- [About this exercise] Nothing but the lines below from the one with "4月份廉政党课:以优良文化传" through the one with "pure 100% naturelle" should be output, each exactly as given, and no pictures.

- [Provided data]
══════════
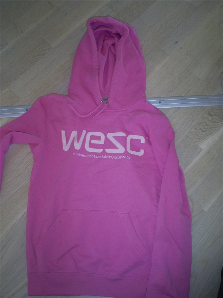 Wesc trøje, str S - næsten ikke brugt. Desværre er der kommet to pletter på bagsiden (ses ikke, da huen går nedover )
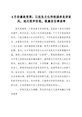 4月份廉政党课:以优良文化传统涵养良好家风,助力筑牢防线,做廉洁自律表率.docx
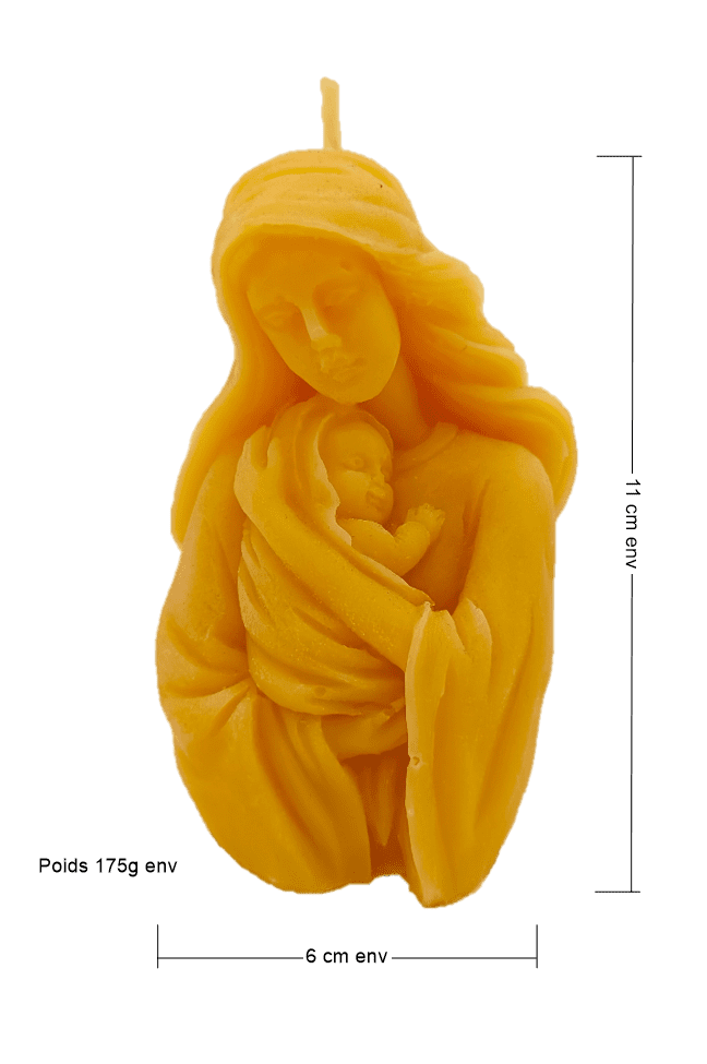 Bougie "Vierge et l'enfant" moulée en cire d’abeille française pure 100% naturelle
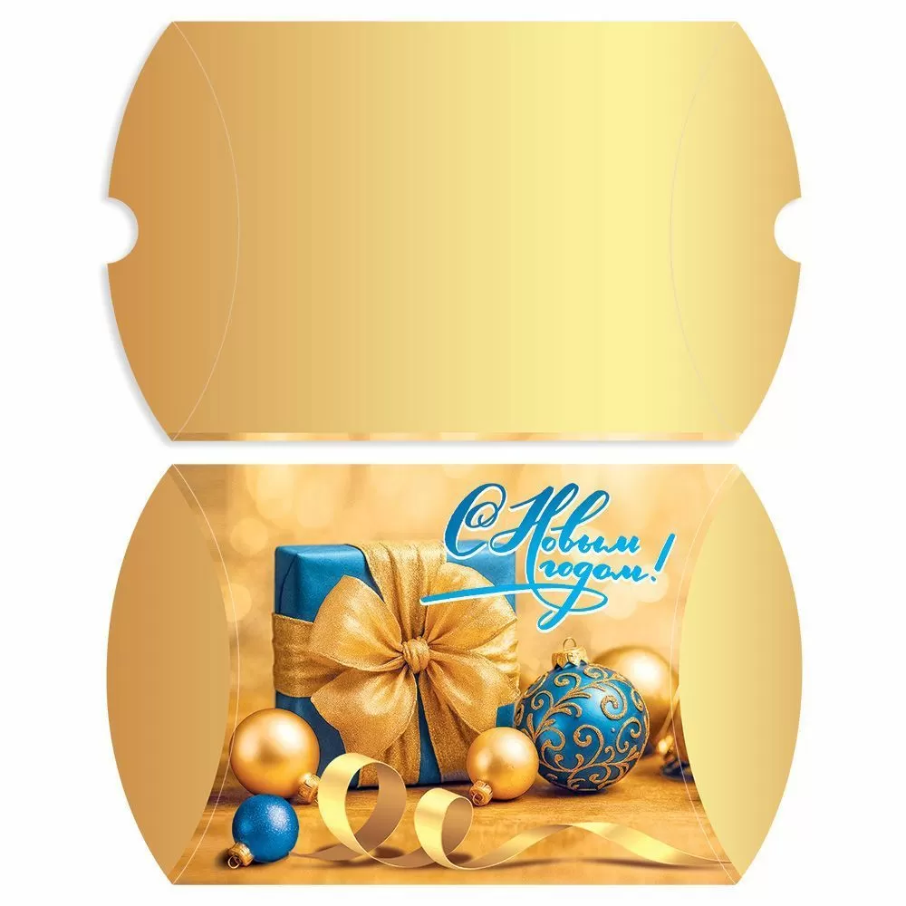 Коробочка-подушка – это идеальный способ красиво оформить подарок к Новому году и Рождеству. В нее можно положить конфеты или другие сладости, мини-игрушку, аксессуар, косметику, небольшой сувенир. Самосборная коробка с легкостью раскладывается и складывается, что дает возможность быстро и удобно упаковать подарок. Яркий оригинальный принт создает праздничное настроение. На коробочке изображены голубые и золотые новогодние шары и коробка-подарок. Универсальная новогодняя упаковка порадует и детей, и взрослых. Изготовлена из плотного картона. Размер изделия – 164х100 мм. В упаковке 10 шт.
══════════
- [Written response]
 4月份廉政党课:以优良文化传统涵养良好家风,助力筑牢防线,做廉洁自律表率.docx
 Bougie "Vierge et l'enfant" moulée en cire d’abeille française pure 100% naturelle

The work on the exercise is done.